An external file that holds a picture, illustration, etc., usually as some form of binary object. The name of referred object is ch7f23.jpg.

Figure 7-23

.

   A heterodimer composed of two homeodomain proteins bound to its DNA recognition site

The yellow helix 4 of the protein on the right (Matα2) is unstructured in the absence of the protein on the left (Mata1), forming a helix only upon heterodimerization. The DNA sequence is thereby recognized jointly by both proteins; some of the protein-DNA contacts made by Matα2 were shown in Figure 7-16. These two proteins are from budding yeast, where the heterodimer specifies a particular cell type (see Figure 7-65). The helices are numbered in accordance with Figure 7-16. (Adapted from T. Li et al., Science 270:262–269, 1995.)

Heterodimerization is an example of combinatorial control, in which combinations of different proteins, rather than individual proteins, control a cellular process.

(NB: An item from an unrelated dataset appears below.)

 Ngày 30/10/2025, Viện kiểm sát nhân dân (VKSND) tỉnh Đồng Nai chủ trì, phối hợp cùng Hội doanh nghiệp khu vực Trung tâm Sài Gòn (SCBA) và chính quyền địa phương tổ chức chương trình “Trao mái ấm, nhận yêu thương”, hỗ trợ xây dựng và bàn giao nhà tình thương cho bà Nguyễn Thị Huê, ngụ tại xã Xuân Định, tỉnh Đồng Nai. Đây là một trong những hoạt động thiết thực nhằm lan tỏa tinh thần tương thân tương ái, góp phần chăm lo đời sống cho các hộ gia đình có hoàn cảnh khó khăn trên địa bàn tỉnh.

Heterodimerization is one of the mechanisms used by eucaryotic cells to control gene expression in this way, and it occurs in a wide variety of different types of gene regulatory proteins (Figure 7-23). As we discuss later, however, the formation of heterodimeric gene regulatory complexes is only one of several combinatorial mechanisms for controlling gene expression.

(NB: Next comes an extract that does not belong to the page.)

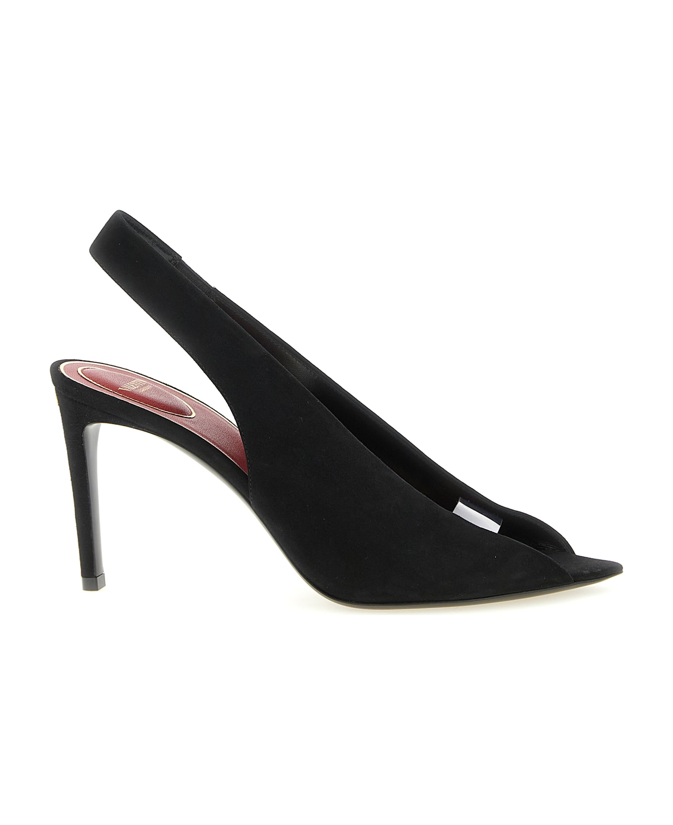 'Révélé' suede slingbacks, open-toe pointed model with transparent polymer material band, heel with antiqued brass finish metal 'VLogo Signature' applied, leather sole. Composition: 100% goat leather (Capra Hircus Hircus)

An external file that holds a picture, illustration, etc., usually as some form of binary object. The name of referred object is ch7f24.jpg.

Figure 7-24

.

   Two DNA-binding domains covalently joined by a flexible polypeptide

The structure shown (called a POU-domain) consists of both a homeodomain and a helix-turn-helix structure (closely related to the bacteriophage λ repressor—see Figure 7-14) joined by a flexible polypeptide “leash,” indicated by the broken lines. The entire protein is encoded in a single gene and is synthesized as a continuous polypeptide chain. The covalent joining of two structures in this way results in a large increase in the affinity of the protein for its specific DNA sequence compared with the DNA affinity of either separate structure. The group of mammalian gene regulatory proteins exemplified by this structure regulate the production of growth factors, immunoglobulins, and other molecules involved in development. The particular example shown is from the Oct-1 protein. (Adapted from J.D. Klemm et al., Cell 77:21–32, 1994.)

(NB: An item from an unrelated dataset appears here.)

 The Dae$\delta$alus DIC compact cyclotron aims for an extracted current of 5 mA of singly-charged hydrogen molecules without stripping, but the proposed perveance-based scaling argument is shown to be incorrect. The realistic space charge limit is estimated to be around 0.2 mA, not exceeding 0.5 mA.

During the evolution of gene regulatory proteins, similar combinatorial principles have produced new DNA-binding specificities by joining two distinct DNA-binding domains into a single polypeptide chain (Figure 7-24).

The Helix-Loop-Helix Motif Also Mediates Dimerization and DNA Binding

An external file that holds a picture, illustration, etc., usually as some form of binary object. The name of referred object is ch7f25.jpg.

Figure 7-25

.

   A helix-loop-helix dimer bound to DNA

The two monomers are held together in a four-helix bundle: each monomer contributes two α helices connected by a flexible loop of protein (red). A specific DNA sequence is bound by the two α helices that project from the four-helix bundle. (Adapted from A.R. Ferre-D'Amare et al., Nature 363:38–45, 1993.)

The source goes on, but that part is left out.